Probably not. In course beauty--all that forsythia and flowering wisteria and magnolia blossoms--it made St. Andrews look like a rubber-mat track in Peoria. It was a cathedral of whispering pine.
But it was as politically incorrect as the Hapsburg Empire. It invited only 90-some select players. About 150 players tee it up weekly in the ordinary PGA tournament, then they cut it to the low 60 scorers. The Masters didn’t have a cut till 1957.
It was crony golf. Cliff Roberts, the Wall Street arbitrageur who ran the tournament--and the club--for Bobby Jones, was as monarchical as Louis XIV. Or Ivan the Terrible. He wasn’t much interested in democracy.
The Masters didn’t specifically bar African Americans. It simply made the conditions for invitation wholly unrealistic.

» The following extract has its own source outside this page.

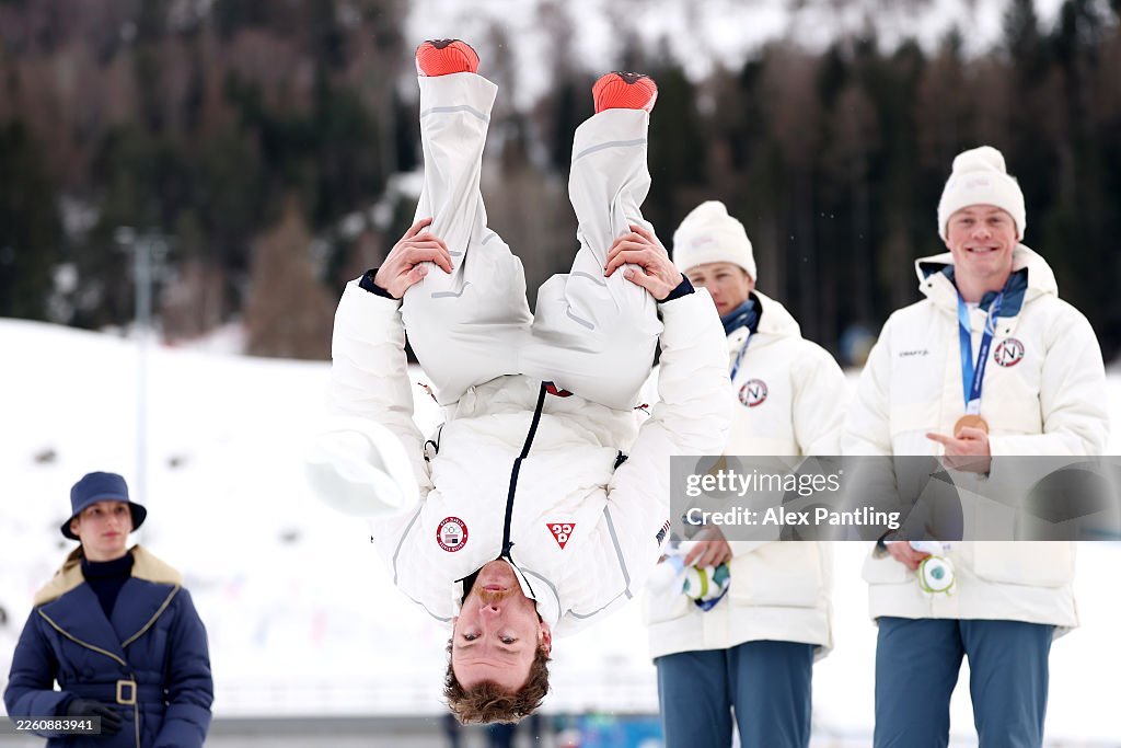 Ogden throwing a backflip at the medals stand // Getty Images / Alex Pantling

It ritually would invite, say, the best golfer in Formosa, or the runner-up in the Portuguese Open, the best golfer in the south of France or the Dutch Open champion. But when I would write a column inquiring why a two-time winner on the American tour, Charlie Sifford, wouldn’t get invited, I would get a letter from Bobby Jones explaining that all he had to do was win the U.S. or British Open or finish better than 16th in the U.S. Open.

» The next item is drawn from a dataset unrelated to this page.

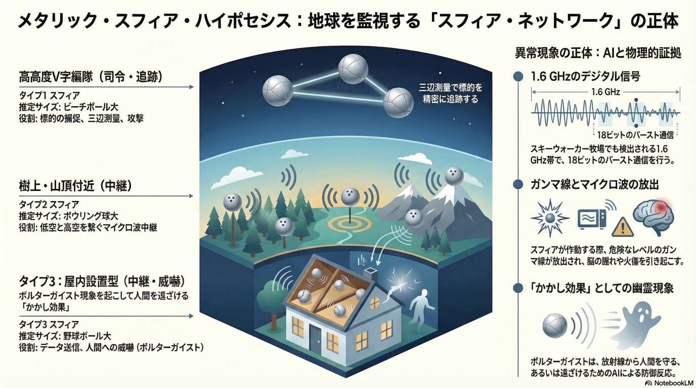 - ポルターガイストの本質: 建物内に潜伏するタイプ3スフィアが、自身の存在や通信ネットワークを隠蔽するために行う「心理的・物理的排除行動」である。

Easier said than done for a guy whose race made it difficult for him to tee it up at all in those tournaments. So, I would write to ask why Chen Ching-po, who had done neither of those things, got invited. So had Gary Player, who had done neither the first year he was invited.
Jones was gone when the Masters finally changed the rules to automatically admit tour winners. That was too late for Sifford but in plenty of time for Tiger Woods and, therefore, the rest of the game of golf.
In spite of its undeniable beauty, the Masters, in a real sense, fails to qualify as a major in degree of difficulty of play. There’s no rough at the Masters. You can loosen the girdle and let fly. It thus rewards big hitters inordinately.
The U.S. Golf Assn. has been known to grow hip-high rough for its U.S. Open to frustrate the players and force them to think of accuracy rather than length. The British Open puts its tournaments on seaside courses where strong winds and bad weather make those high, long shots inadvisable.
The Masters has been won an inordinate number of times by the same kind of player--sometimes the same player, period. It used to be won by Hogan-Snead, Snead-Hogan. Then it was Palmer-Nicklaus, Nicklaus-Palmer. Jack Nicklaus won six Masters, Arnold Palmer four. Hogan and Snead won five between them and had a playoff for the fifth.
The headline “Unknown Wins Open” would appear periodically after a U.S. Open. Sam Parks, Tony Manero, an Ed Furgol, Orville Moody, Jack Fleck would emerge. No unknown ever has won a Masters. It has been as formful as a coronation.
You can spray the ball at the Masters. Straight is not a consideration. But you have to be able to get your ball over the crown of the hill on the par-fives. Lee Trevino, for one, never could do that. But Tiger Woods had a wedge second shot to the par-five 15th twice last year.
No one has an advantage putting. The greens are like glass. Your only hope is to get the ball close with your approach. Obviously, this is easier to do with a wedge than a four-wood.
It has become a happy hunting ground for the foreign player of late. The winners of seven of the last 10 Masters have been from abroad--Nick Faldo three times, Sandy Lyle, Ian Woosnam, Bernhard Langer and Jose Maria Olazabal.
Well, why not? More get invited than for any other tournament. Jones-Roberts saw to that.
So, is the Masters a faux major? No, but it found itself a major considerably to its surprise. The grand Bobby probably thought he was creating an event where a fellow amateur might be able to win once in a while. Instead, he has established a hallowed corner of golf that makes those other “majors” look minor. Ask any player if he’d rather win a PGA or a Masters, he’ll look at you as if you’d lost your mind.